Joe Beine has updated his Online Searchable Death Indexes & Records site, including material for more than twenty Midwestern counties: three in Illinois (Champaign, DuPage, and St. Clair), eight in Indiana (Carroll, Cass, Elkhart, Howard, Marshall, St. Joseph, Starke, and Switzerland), three in Michigan (Berrien, Charlevoix, and Oakland), five in Ohio (Columbiana, Cuyahoga, Greene, Lake, and Wayne), and two in Wisconsin (Eau Claire and Portage).

Friday, February 4, 2011

The problem of diaries

Diaries are original sources from an eyewitness. Why aren't they always as illuminating as we would like? Maybe they lack that thing we call "perspective" . . . or context. I was provoked to think about them when I reviewed Lillian's Diaries: Whispers from Galena's Past, which recounts seven years in northwestern Illinois' Jo Daviess County from the point of view of Lillian Trudgian, a young farm woman. The review is just out in the December 2010 issue of Crossroads, the ambitious quarterly of the Utah Genealogical Association. (More on the issue later.)

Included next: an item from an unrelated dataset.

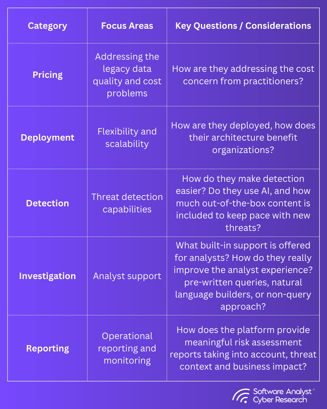 To evaluate how these SIEM vendors are addressing the concerns from legacy SIEM approaches, we built a structured assessment process grounded in real operational needs and use cases. Each platform was measured against a broad set of criteria covering the most important functional, technical, and operational aspects of SIEM.

Then I was provoked to think some more when reading Paul Fussell's The Great War and Modern Memory. He called two war diarists to witness the problematic nature of their creations (pages 310-311). Playwright Lillian Hellman hoped to preserve important experiences in her 1944 diary, but later found that they had somehow omitted "what had been most important to me, or what the passing years have made important." And RAF flyer Robert Kee later reflected on his own diary: "From all the quite detailed evidence of these diary entries I can't add up a very coherent picture of how it really was to be on a bomber squadron in those days."

Sometimes up close and personal can be too close -- or it needs to be supplemented with more.